MATERIAL PROVIDED:
• • • • •

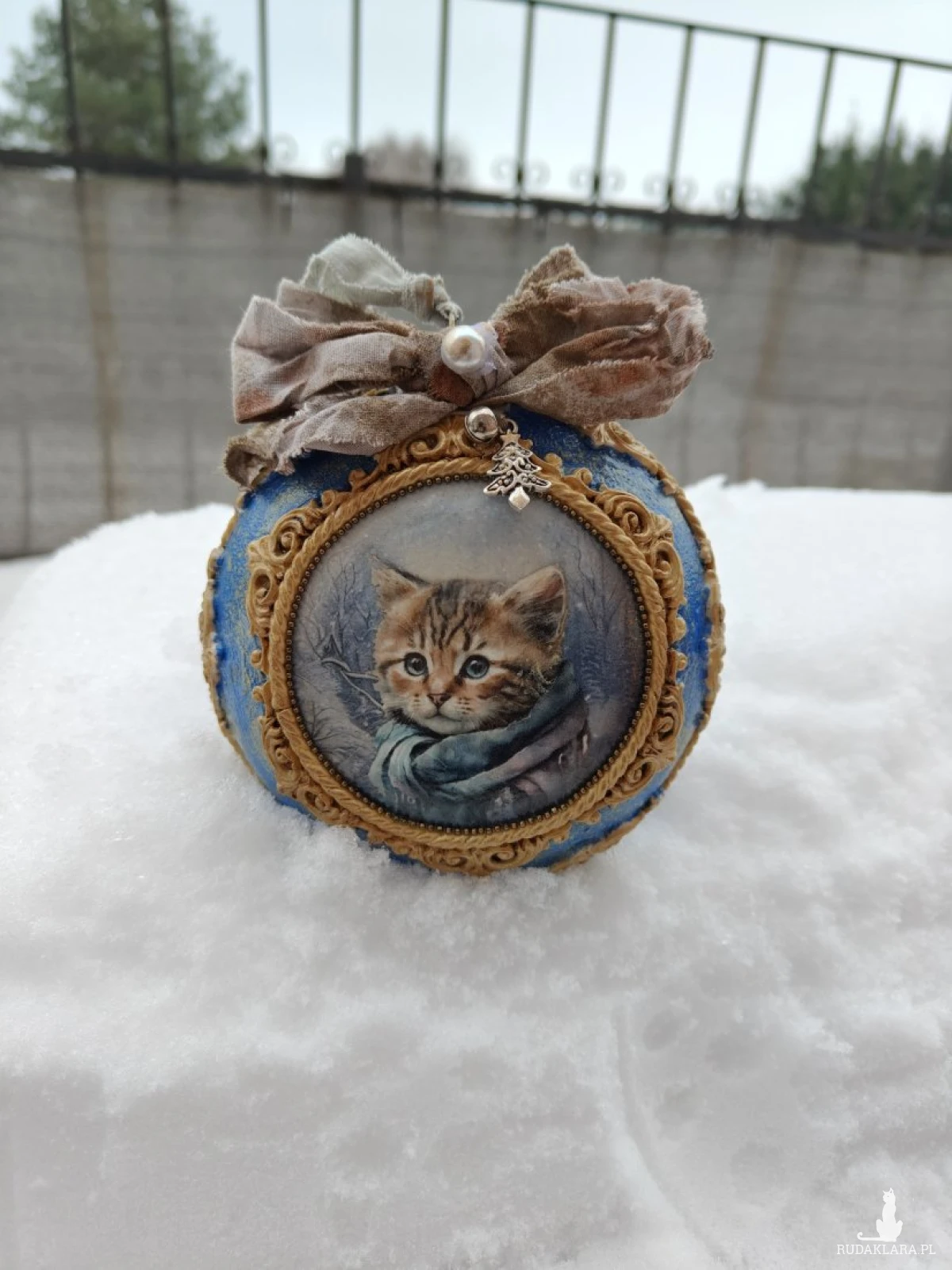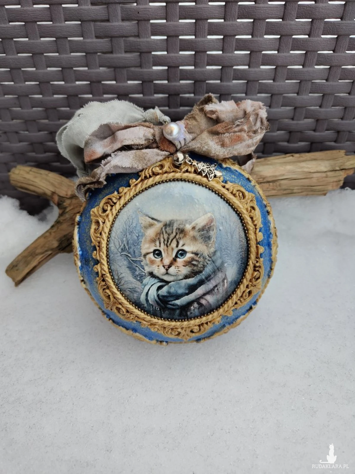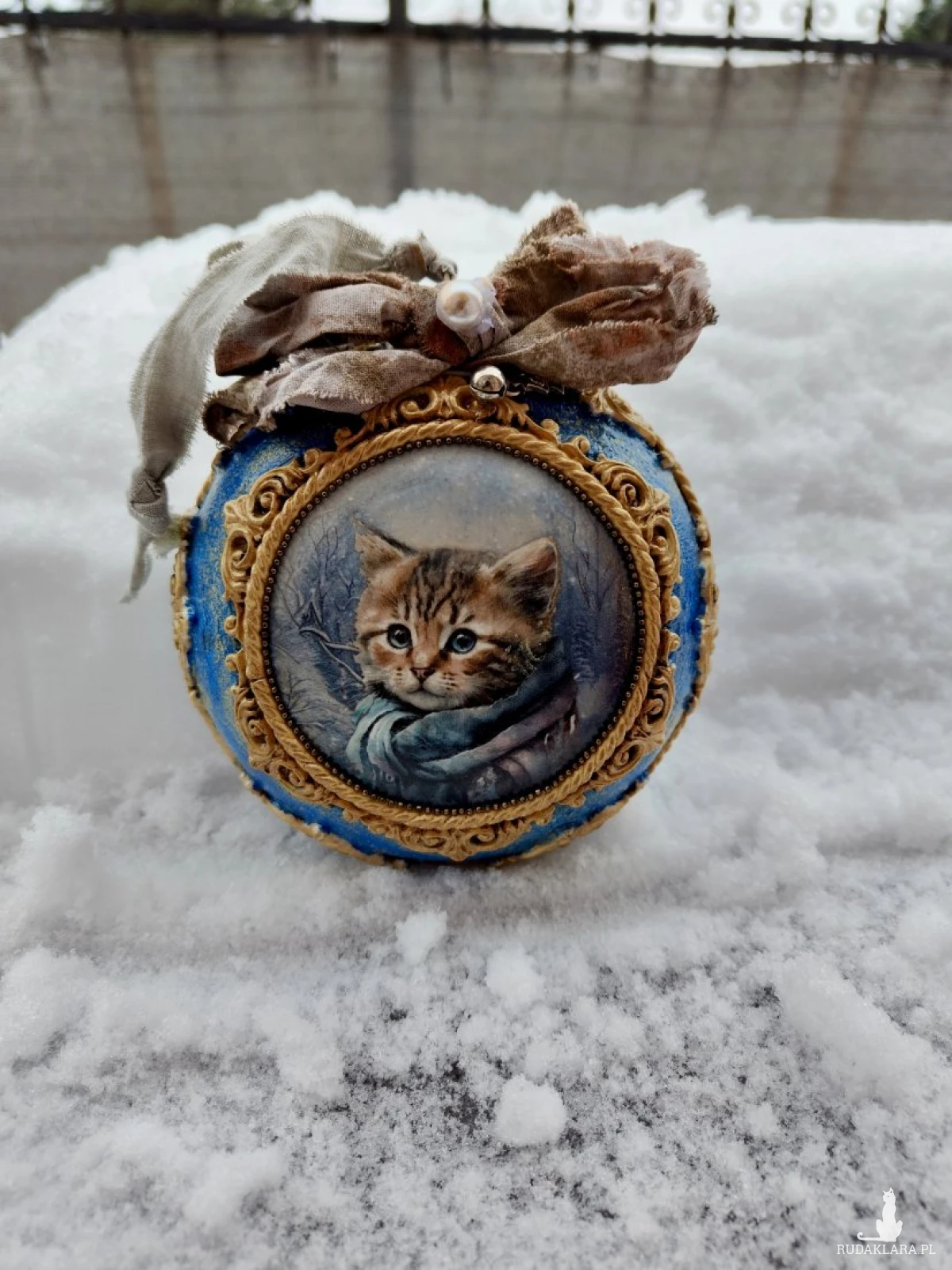Elegancka, ręcznie zdobiona bombka o wyjątkowo przytulnym, zimowym charakterze. W centralnej części znajduje się urocza ilustracja kotka otulonego szalem, osadzona w dekoracyjnej, złoconej ramce. Całość dopełniają miękkie, materiałowe kokardy w odcieniach szarości i beżu, które nadają ozdobie szlachetnego, vintage’owego wyglądu. Bombka idealnie sprawdzi się jako nastrojowa dekoracja choinki, stroika lub jako prezent dla miłośników kotów i stylu retro.
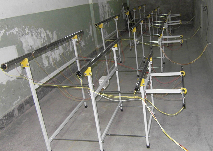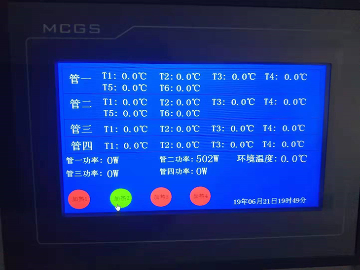 配有四根不同長度和直徑的電鍍紫銅管,管內(nèi)設(shè)置電加熱器;每根管子的表面裝4~6支測溫傳感器,以測定其表面平均溫度,測溫傳感器采用進口DS18B20;每根橫管電加熱器配備電子集成固體調(diào)壓模塊無機調(diào)節(jié)。測試儀表箱設(shè)有(每根橫管電加熱器)數(shù)顯功率表;所有測試數(shù)據(jù)由7寸觸摸屏同屏顯示,不銹鋼實驗支架。
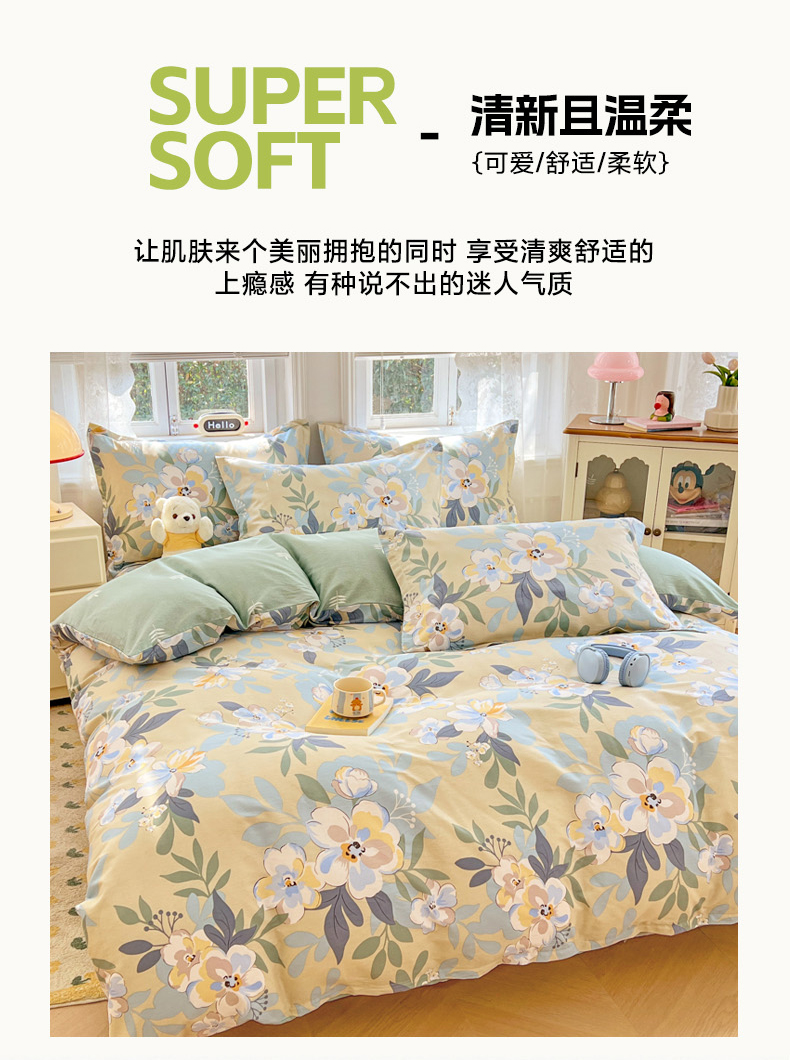 商品名称:世爵 2025新款全棉印花小清新套件系列-四件套 木棉花-绿

• • • • •

ACTION ITEM:
Write the listing out again in full and unchanged, minus any pictures.

SOLUTION:
Elegancka, ręcznie zdobiona bombka o wyjątkowo przytulnym, zimowym charakterze. W centralnej części znajduje się urocza ilustracja kotka otulonego szalem, osadzona w dekoracyjnej, złoconej ramce. Całość dopełniają miękkie, materiałowe kokardy w odcieniach szarości i beżu, które nadają ozdobie szlachetnego, vintage’owego wyglądu. Bombka idealnie sprawdzi się jako nastrojowa dekoracja choinki, stroika lub jako prezent dla miłośników kotów i stylu retro.
 配有四根不同長度和直徑的電鍍紫銅管,管內(nèi)設(shè)置電加熱器;每根管子的表面裝4~6支測溫傳感器,以測定其表面平均溫度,測溫傳感器采用進口DS18B20;每根橫管電加熱器配備電子集成固體調(diào)壓模塊無機調(diào)節(jié)。測試儀表箱設(shè)有(每根橫管電加熱器)數(shù)顯功率表;所有測試數(shù)據(jù)由7寸觸摸屏同屏顯示,不銹鋼實驗支架。
 商品名称:世爵 2025新款全棉印花小清新套件系列-四件套 木棉花-绿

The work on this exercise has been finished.